[Start of section]

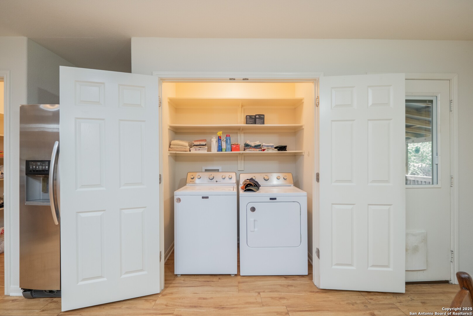 This thoughtfully designed 3-bed, 2-bath single-story home offers the perfect blend of functionality, privacy, and entertaining space. The open-concept living room, complete with a cozy fireplace, flows seamlessly into the kitchen and dining area, creating an inviting central hub ideal for daily living and hosting guests. The kitchen features a convenient pantry and a kitchen island, providing excellent storage and prep space. A generous primary suite is tucked away on one side of the home for added privacy and includes an ensuite bathroom with a dual vanity, walk-in shower, and a walk-in closet. Two additional bedrooms and a secondary bath are positioned on the opposite side of the home, offering a smart split-bedroom layout perfect for families, guests, or a home office setup. Leading out the back door from the dining room is a covered deck, with stairs that connect to a screened door opening into the 2-car carport and attached shop. The shop includes two windows and access to a storage attic above, providing excellent space for tools, projects, and additional storage. The water heater is located outside, behind the washer and dryer closet. A circular paved driveway wraps around the property and leads directly under the carport for added convenience. The neighborhood is located across from Canyon Lake High School and offers a quiet setting with no HOA, while still being close to shopping and everyday essentials.
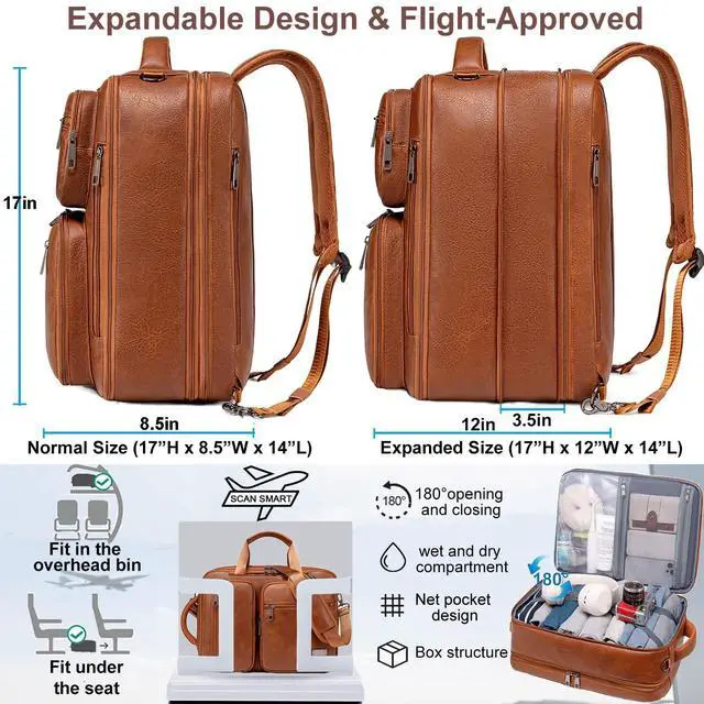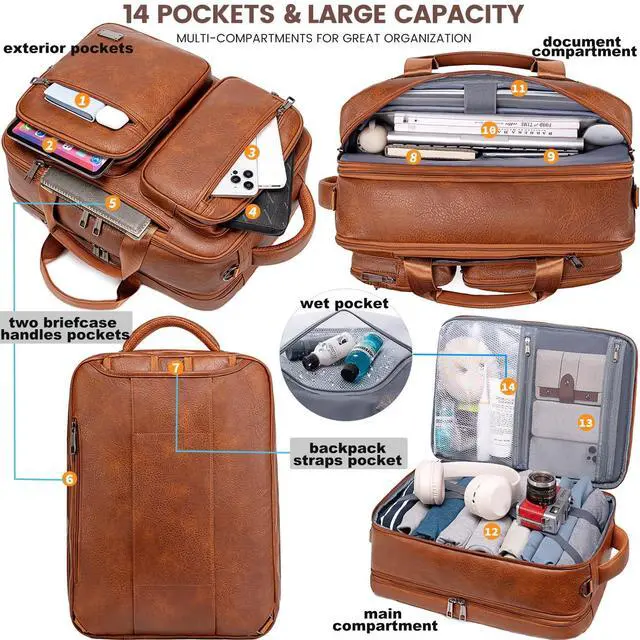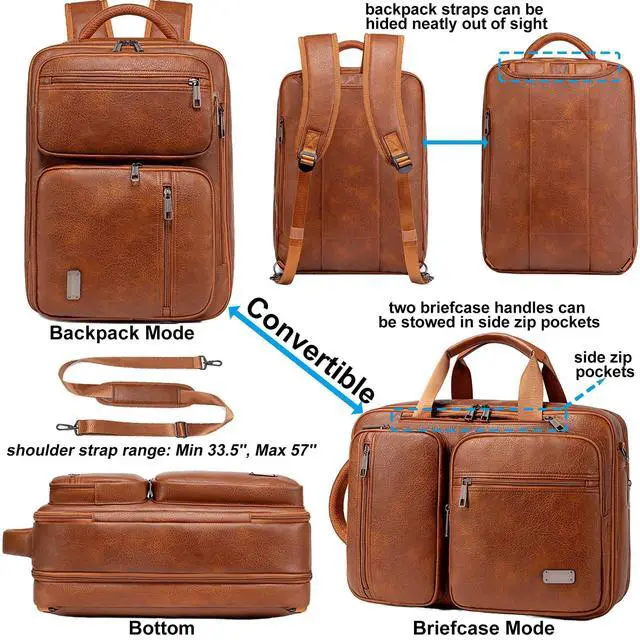 DescriptionWeiatas 3-in-1 Vegan Leather Convertible Laptop Bag for Men Women, 15.6 Inch Waterproof Expandable Backpack, Computer Briefcase, Shoulder Messenger Bag & Weekend Bag for Business, Travel, Office Work, Flight ApprovedStylish 3 in 1 convertible
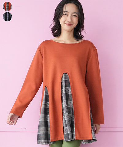 チェック柄異素材レイヤード切替フレアチュニック 36-1688
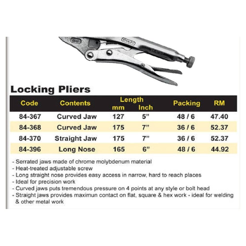 Stanley Locking Pliers Straight Jaw (7”) 84-370-1-S/84-370-1
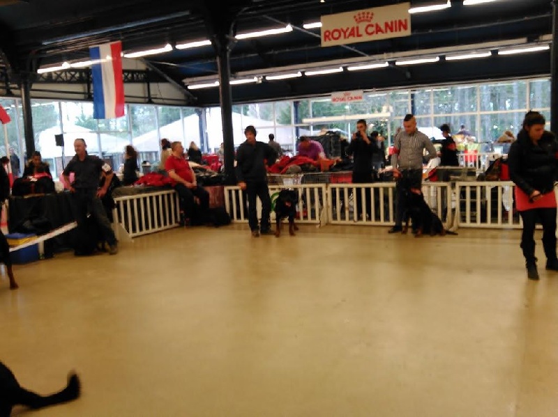 DCC. Bonne taille un peu long bonne ossature, très bonne tête bonne expression, œil un peu clair bonne pigmentation. excès de babines bon avant dos correct très bon dessous Excel arrière bien angulé. bonne présentation bon feux bon caractère. queue bien portée aux allures mouvement correct.
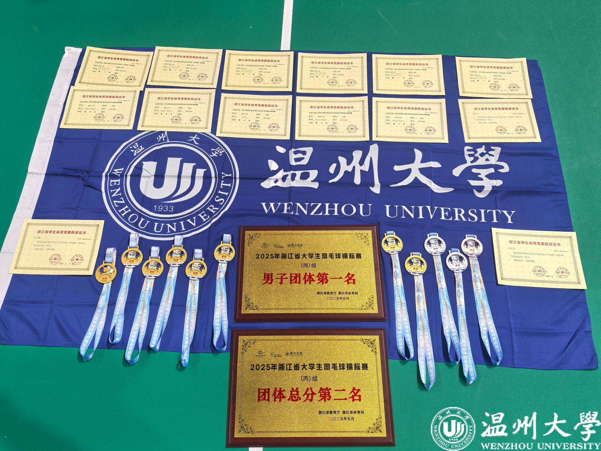 5月26日-30日,2025年浙江省大学生羽毛球锦标赛(甲丙组)在衢州江山市李宁体育园举行。在为期四天半的激烈角逐中,亚洲无码 羽毛球队一举斩获丙组男子团体冠军、男双冠军、混双亚军、单打季军以及团体总分第二名,继2022年以来再次获得省级比赛冠军;2名队员获“优秀运动员”称号。
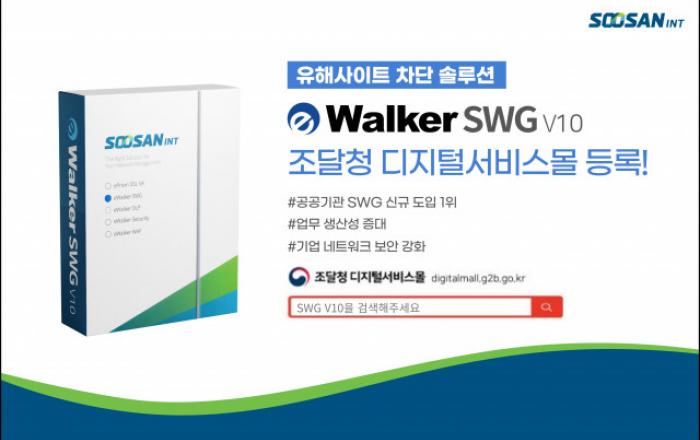 수산아이앤티는 유해사이트 차단 솔루션 ‘eWalker SWG V10’을 총판사인 티앤디소프트를 통해 조달청 디지털서비스몰에 등록 완료했다고 22일 밝혔다.국내 공공기관 SWG 신규 도입 1위인 수산아이앤티의 유해사이트 차단 솔루션 ‘eWalker SWG V9’가 이번에
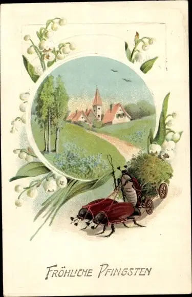Präge Ak Glückwunsch Pfingsten, Maikäfer, Maiglöckchen, Häuser
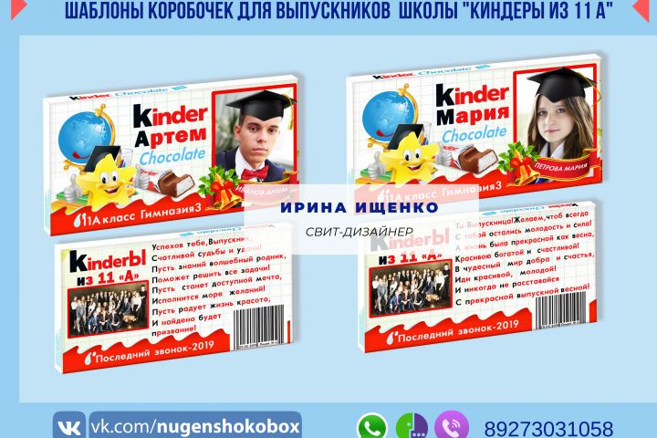 Дизайн фантиков и коробочки под порционный шоколад Киндер. Возможна замена надписей. Шаблон высылается в электронном виде, печать на фотобумаге, матовая, плотностью от 170г/м.кв.

[End of section]

> **To do**:
Skip the pictures. Restate everything else in the records word for word.

> **The answer**:
 This thoughtfully designed 3-bed, 2-bath single-story home offers the perfect blend of functionality, privacy, and entertaining space. The open-concept living room, complete with a cozy fireplace, flows seamlessly into the kitchen and dining area, creating an inviting central hub ideal for daily living and hosting guests. The kitchen features a convenient pantry and a kitchen island, providing excellent storage and prep space. A generous primary suite is tucked away on one side of the home for added privacy and includes an ensuite bathroom with a dual vanity, walk-in shower, and a walk-in closet. Two additional bedrooms and a secondary bath are positioned on the opposite side of the home, offering a smart split-bedroom layout perfect for families, guests, or a home office setup. Leading out the back door from the dining room is a covered deck, with stairs that connect to a screened door opening into the 2-car carport and attached shop. The shop includes two windows and access to a storage attic above, providing excellent space for tools, projects, and additional storage. The water heater is located outside, behind the washer and dryer closet. A circular paved driveway wraps around the property and leads directly under the carport for added convenience. The neighborhood is located across from Canyon Lake High School and offers a quiet setting with no HOA, while still being close to shopping and everyday essentials.
 DescriptionWeiatas 3-in-1 Vegan Leather Convertible Laptop Bag for Men Women, 15.6 Inch Waterproof Expandable Backpack, Computer Briefcase, Shoulder Messenger Bag & Weekend Bag for Business, Travel, Office Work, Flight ApprovedStylish 3 in 1 convertible
 チェック柄異素材レイヤード切替フレアチュニック 36-1688
 Stanley Locking Pliers Straight Jaw (7”) 84-370-1-S/84-370-1
 DCC. Bonne taille un peu long bonne ossature, très bonne tête bonne expression, œil un peu clair bonne pigmentation. excès de babines bon avant dos correct très bon dessous Excel arrière bien angulé. bonne présentation bon feux bon caractère. queue bien portée aux allures mouvement correct.
 5月26日-30日,2025年浙江省大学生羽毛球锦标赛(甲丙组)在衢州江山市李宁体育园举行。在为期四天半的激烈角逐中,亚洲无码 羽毛球队一举斩获丙组男子团体冠军、男双冠军、混双亚军、单打季军以及团体总分第二名,继2022年以来再次获得省级比赛冠军;2名队员获“优秀运动员”称号。
 수산아이앤티는 유해사이트 차단 솔루션 ‘eWalker SWG V10’을 총판사인 티앤디소프트를 통해 조달청 디지털서비스몰에 등록 완료했다고 22일 밝혔다.국내 공공기관 SWG 신규 도입 1위인 수산아이앤티의 유해사이트 차단 솔루션 ‘eWalker SWG V9’가 이번에
Präge Ak Glückwunsch Pfingsten, Maikäfer, Maiglöckchen, Häuser
 Дизайн фантиков и коробочки под порционный шоколад Киндер. Возможна замена надписей. Шаблон высылается в электронном виде, печать на фотобумаге, матовая, плотностью от 170г/м.кв.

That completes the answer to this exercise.